像是久未接触空气的将死之人,他拼命地喘息起来,而心脏的颤抖却自始至终。

身体中有什么东西确实地腐坏了,但是他却无从寻起,崩裂的声音不绝于耳,而血水却不断地涌出。

眼前的景象开始摇曳,模糊成无法辨认的模样,眼窝之中的疼痛也终趋于麻木……鬼雾腾起在四周将他的身体团团包裹。

这还真是不妙啊……墨弦想要苦笑,嘴角却撕扯般的疼痛。

撑在身前的手被石子磨出了深深浅浅的伤痕,而他的手臂也渐渐使不上力了。

意识慢慢被抽离,他有些不自禁地想:永夜、

永夜……

只是单纯地想着那个人而已。

像是没有重量,他轻轻地悬浮在空中,很多画面从身边掠过去,像是曾经历过的场景,又像是仅仅属于他人的回忆。

他看到脚下的水面如此清澈,雾气聚拢又消散在极远的地方,倒影之中有一双鲜红的眼睛,妖娆如同能够吞没世事。

这是一个他未曾到过的世界,但却映着曾经确认过无数遍的眼眸。

他自己的、血色的双瞳。

那之中没有波澜,情感像是一早就被抽空,嘴角微微抿着,眉目清冷。

墨弦淡淡地想,这么看来,说不定那只琥珀色的眼珠才是变异而成吧?他有些想笑,于是就看到水中的人轻巧地勾起嘴角,一个不带任何情感的冰冷笑容。

墨弦微微吐出一口气,白雾迅速融合进周遭的雾霭之中。

画面仍在一一掠过,堪堪灰白的影像,很多人很多事、有魔物也有人类。那些嘴不停张合,却未透露一丝声响。

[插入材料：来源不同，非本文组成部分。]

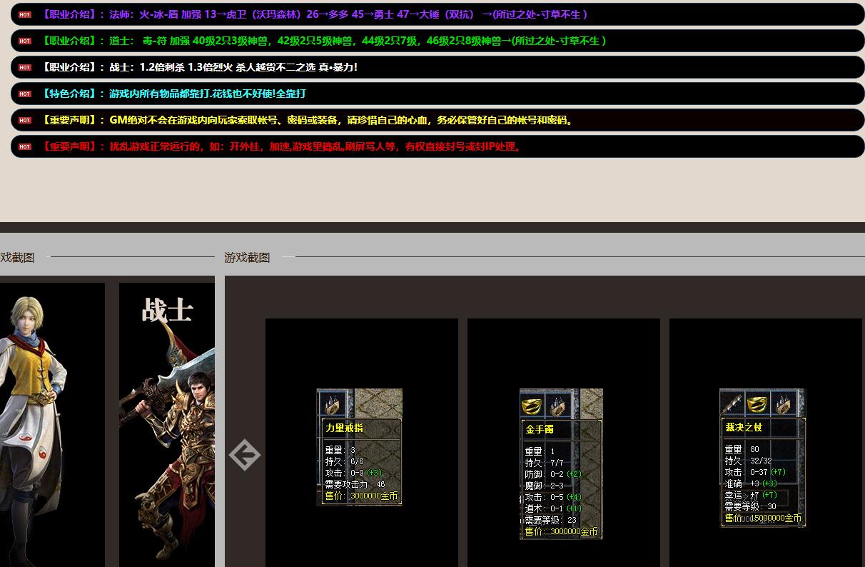 HOT[本服介绍: 本服在原76地图基础上增加了(八大神秘地图,进入方式玩家自行发掘。HOT[本服特色] : 本服为1.76金币复古,充值比例1:10W,适合所有复古玩家。灰玩家和充值大佬都可以玩的爽,散人玩家有充分发空间。HOT[装备介绍] : 商店沃马-祖玛-赤月-屠龙--极品+6HOT[版本介绍] : 客服微信号 36560477客服微信二号 36560477攻沙奖励后面加半月统战和月统战奖励定制高级铁观音和五子酒路斤HOT[爆率介绍] :爆率全开,所有物品游戏中获得,不卖装备,请免开尊口。本服没有任何福利待遇,游戏公平-一切靠打,纯散人服!HOT[爆率介绍] : 本服所有怪物均可爆出实物鸡和鹿需要挖),爆率超高,兑换充值与RMB充值完全洋!所有小极品可在土城NPC回收金币,经验,以及充值。HOT[版本介绍] : 本服:金币好打-增加一件回收垃圾功能-散人一样能成土豪--30分钟打千万不是梦、HOT[版本介绍] : 特色①:增加一键包内垃圾回收,7 6玩家利器!不充钱也可以致富!HOT[版本介绍] : 特色②:本服装备小极品较多, 人品爆发+5+6,装备价值超高,散人一夜暴富不再是梦。HOT[版本介绍] : 特色③:1-29级为30倍经验30-34为15倍经验35-39为8倍经验40-44为5倍经验45以后为3倍经验。HOT[职业介绍] :法师:火冰-盾加强13一→虎卫(沃玛森林) 26→多多45一勇士47一大锤(双抗)→(所过之处寸草不生)HOT[职业介绍] : 道士:毒-符加强40级2只3级神兽,42级2只5级神兽, 44级2只7级,46级2只8级神兽+(所过之 处寸草不生)HOT[职业介绍] : 战士: 1.2倍刺杀1.3倍烈火杀人越货不二之选真.暴力!HOT[特色介绍] : 游戏内所有物品都靠打花钱也不好使全靠打HOT重要声明] : GM绝对不会在游戏内向玩家索取帐号、密码或装备,请珍惜自己的心血,务必保管好自己的帐号和密码。HOT[重要声明] :游戏正常运行的,如:开外挂,加速游戏里捣乱,刷屏骂人等,有权直接封号或封IP处理。HOT[本服介绍: 本服在原76地图基础上增加了(八大神秘地图,进入方式玩家自行发掘。HOT[本服特色] : 本服为1.76金币复古,充值比例1:10W,适合所有复古玩家。灰玩家和充值大佬都可以玩的爽,散人玩家有充分发空间。HOT[装备介绍] : 商店沃马-祖玛-赤月-屠龙--极品+6HOT[版本介绍] : 客服微信号 36560477客服微信二号 36560477攻沙奖励后面加半月统战和月统战奖励定制高级铁观音和五子酒路斤HOT[爆率介绍] :爆率全开,所有物品游戏中获得,不卖装备,请免开尊口。本服没有任何福利待遇,游戏公平-一切靠打,纯散人服!HOT[爆率介绍] : 本服所有怪物均可爆出实物鸡和鹿需要挖),爆率超高,兑换充值与RMB充值完全洋!所有小极品可在土城NPC回收金币,经验,以及充值。HOT[版本介绍] : 本服:金币好打-增加一件回收垃圾功能-散人一样能成土豪--30分钟打千万不是梦、HOT[版本介绍] : 特色①:增加一键包内垃圾回收,7 6玩家利器!不充钱也可以致富!HOT[版本介绍] : 特色②:本服装备小极品较多, 人品爆发+5+6,装备价值超高,散人一夜暴富不再是梦。HOT[版本介绍] : 特色③:1-29级为30倍经验30-34为15倍经验35-39为8倍经验40-44为5倍经验45以后为3倍经验。HOT[职业介绍] :法师:火冰-盾加强13一→虎卫(沃玛森林) 26→多多45一勇士47一大锤(双抗)→(所过之处寸草不生)HOT[职业介绍] : 道士:毒-符加强40级2只3级神兽,42级2只5级神兽, 44级2只7级,46级2只8级神兽+(所过之 处寸草不生)HOT[职业介绍] : 战士: 1.2倍刺杀1.3倍烈火杀人越货不二之选真.暴力!HOT[特色介绍] : 游戏内所有物品都靠打花钱也不好使全靠打HOT重要声明] : GM绝对不会在游戏内向玩家索取帐号、密码或装备,请珍惜自己的心血,务必保管好自己的帐号和密码。HOT[重要声明] :游戏正常运行的,如:开外挂,加速游戏里捣乱,刷屏骂人等,有权直接封号或封IP处理。
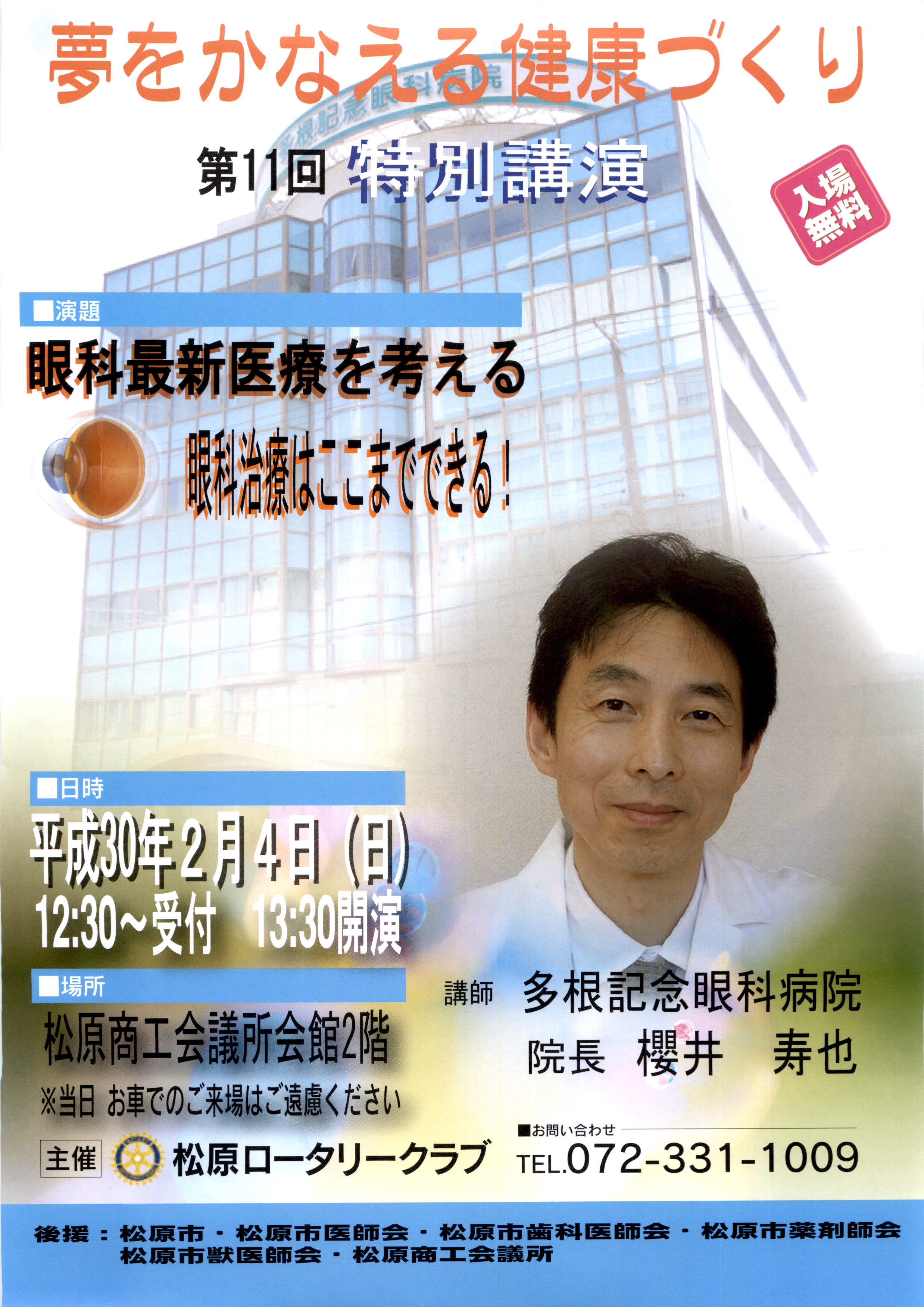 夢をかなえる健康づくり 夢をかなえる健康づくり 第11回特別講演 『 眼科最新医療を考える 』 眼科治療はここまでできる! 講師;多根記念眼科病院 櫻井寿也 院長 日時;平成30年2月4日(日) 13:30~ 場所;松原商工会議所2階 ※ 多数のご参加ありがとうございました。 主催;松原ロータリークラブ 問い合わせ;072-331-1009 後援;松原市、松原市医師会・歯科医師会・薬剤師会・獣医師会、松原商工会議 夢をかなえる健康づくり

耳边只有一个声音反反复复,轻轻地呢喃着的是单一的话语。

墨弦静静地听着,却不急于辨认那些词句。

不停不停地重复,随着吹拂到脸上仿佛切割皮肤般的风,刮进耳朵里。

他闭起眼,黑暗笼罩进来。

他微微扬起嘴角,世界沉默下来。

他转动了手指,刮蹭着长发的风被定格。

他轻轻地说,“再见了。”

再见了,

再见了。

我的曾经,我所回忆起来的一切。

这里并不是我的归属之地。

对这所有进行最后地——告别——

封印起下一个轮回之前所有的故事、包括那些早已消逝了的过往。

“唔……”他下意识地沉吟了一声,额头上传来微凉的触感,缓缓地拨开他的额发,覆盖上来。

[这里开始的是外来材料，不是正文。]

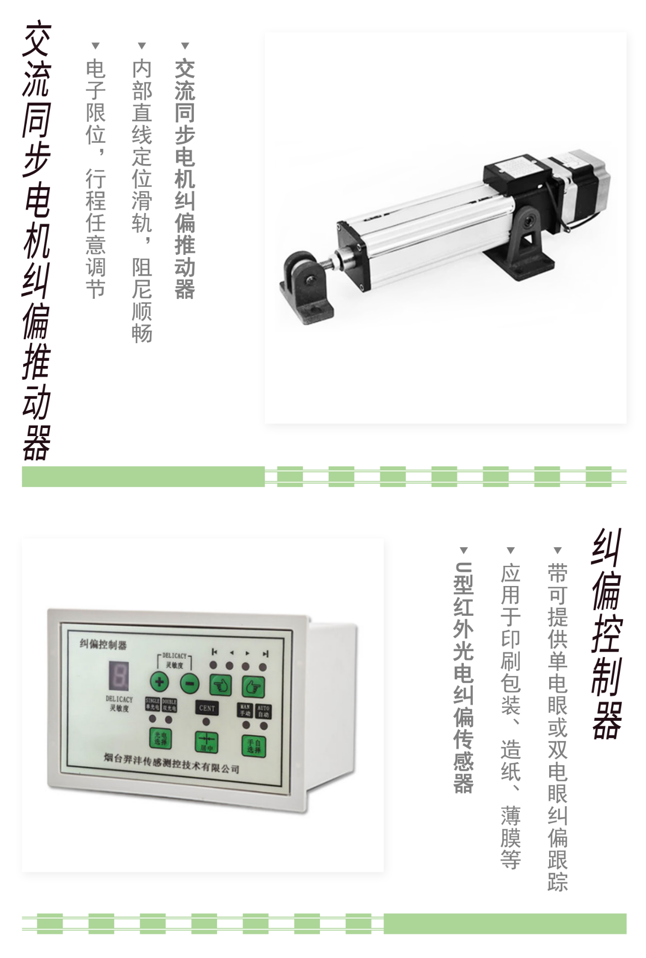 本系統(tǒng)中,由光電傳感器檢測邊緣位置或標(biāo)志線位置,以拾取位置偏差信號,再將位置偏差信號進行邏輯運算,產(chǎn)生控制信號,用交流同步電機驅(qū)動機械執(zhí)行機構(gòu),修正物料運行時的偏差。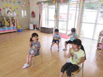 夏祭り会で使うマラカスが完成しました。みんな大喜びで振って音を楽しんでいました。

他吃力地撑起眼皮,像是花费了天大的力气,睫毛蹭得皮肤细微的痒。他偏过头,与额上的手掌摩擦过一个微妙的距离,然后舒服地眯起了眼睛。

就像一只心满意足的猫。

坐在床边的人露出了一个淡淡的笑容,有着神奇的安抚人心的力量。

墨弦眨了眨眼睛,有些干涩,先前的疼痛似乎残留下了不适感,他张着口,喉咙很疼,说不定是咳血的时候破得厉害。

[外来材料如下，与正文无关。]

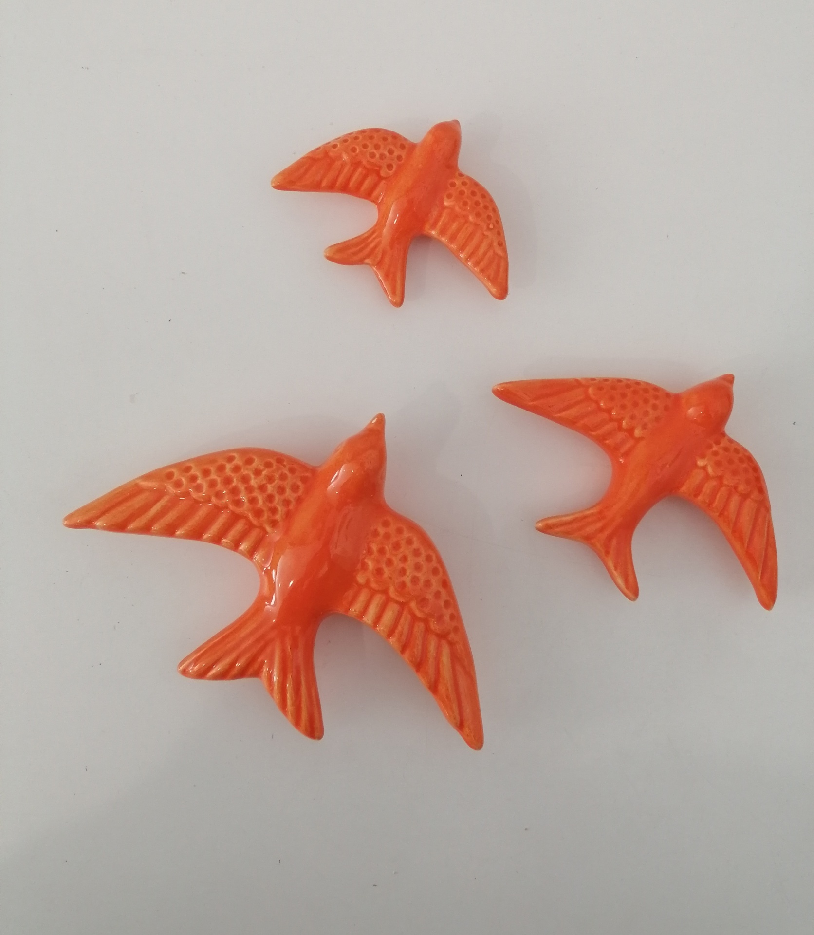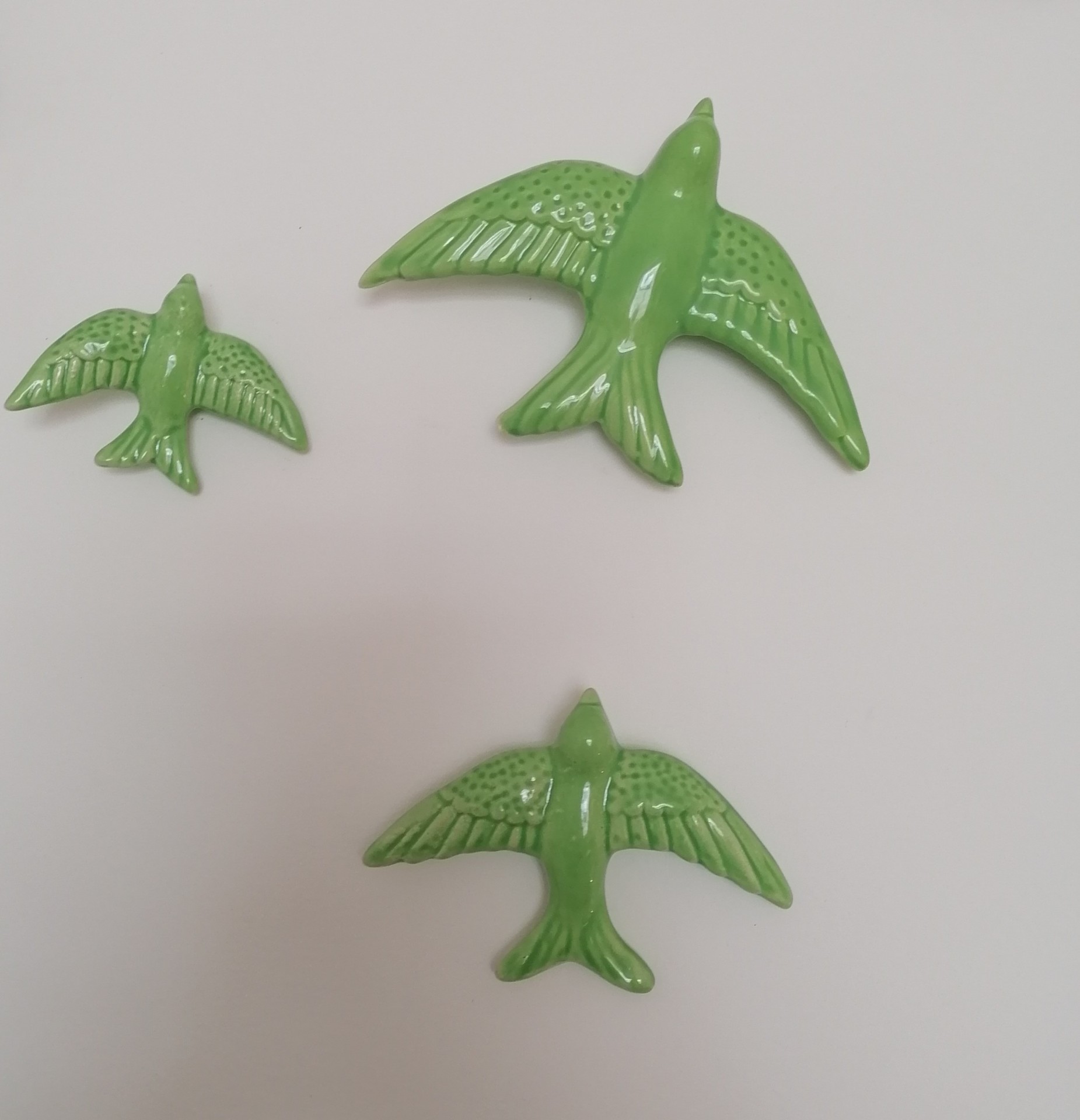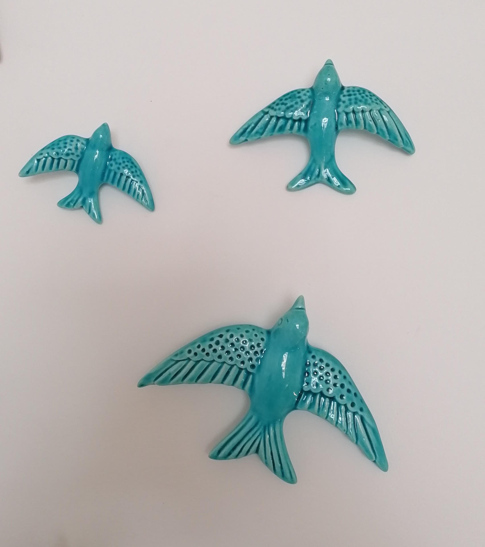 Conjunto de Três Andorinhas 20,00 € Desconto de %. IVA incluído. Partilhar Escolha a cor: Preto Azul Escuro Azul Turquesa Verde Caldas Verde Amarelo Vermelho Rosa Laranja Castanho Comprar Contactar Conjunto de 3 Andorinhas com três tamanhos diferentes para pendurar da parede. Existem várias cores (Preto, 3 tonalidades de Azul, Amarelo, Laranja, Vermelho, Rosa, 2 tonalidades de Verde). Dimensões: Andorinha pequena: 7cm x 9,5cm Andorinha média: 8,5cm x 12cm Andorinha grande: 12cm x 16cm As cores dos produtos poderão sofrer ligeiras alterações devido à reprodução fotográfica. Tags andorinhasandorinhas de ceramicapassarosbirdoiseau

永夜将一边的水递过来,映上干裂的唇的那一刻,墨弦不由自主地舒了口气。

头依旧昏昏沉沉,他仿佛做了一个冗长的梦,有沉重的东西几乎要将人压得喘不过起来,脑内的神经在微微抽痛。

他却记不起梦的模样。

“……我、”才一开口才惊觉那声音难听到简直人神共愤,像是生锈的锯子在铁板上摩擦,墨弦惊吓过度般立刻闭了嘴,永夜重新摸了摸他的头,无袖的紧身衣勾勒出锻炼良好的肌肉线条,而他的手臂修长而充满着力量。

“你倒在斯凯领顿的中心平原,已经过了三天。”

他用钝得吱嘎作响的脑袋来消化永夜提供的信息,十字刺客说话总是只挑重点,其实墨弦更想问他:最后那些魔物们怎么样了?那之后的记忆他都没有了。

脑袋像是被重物砸了般一波一波地钝痛。

但显然永夜并没有要来讲述他英勇砍杀魔物的事迹,那些事情对于他而言说不定只是微不足道的饭后运动罢了。

只是那么血腥的饭后运动,墨弦觉得还是少做为妙。

他重新打量四周,看到简单却实用的家具,是曾经来过的永夜普隆德拉郊外的家。

他那时还很不厚道地质疑过永夜竟然是普隆德拉人来着……不过说他是梦罗克长大的也很让人无法接受。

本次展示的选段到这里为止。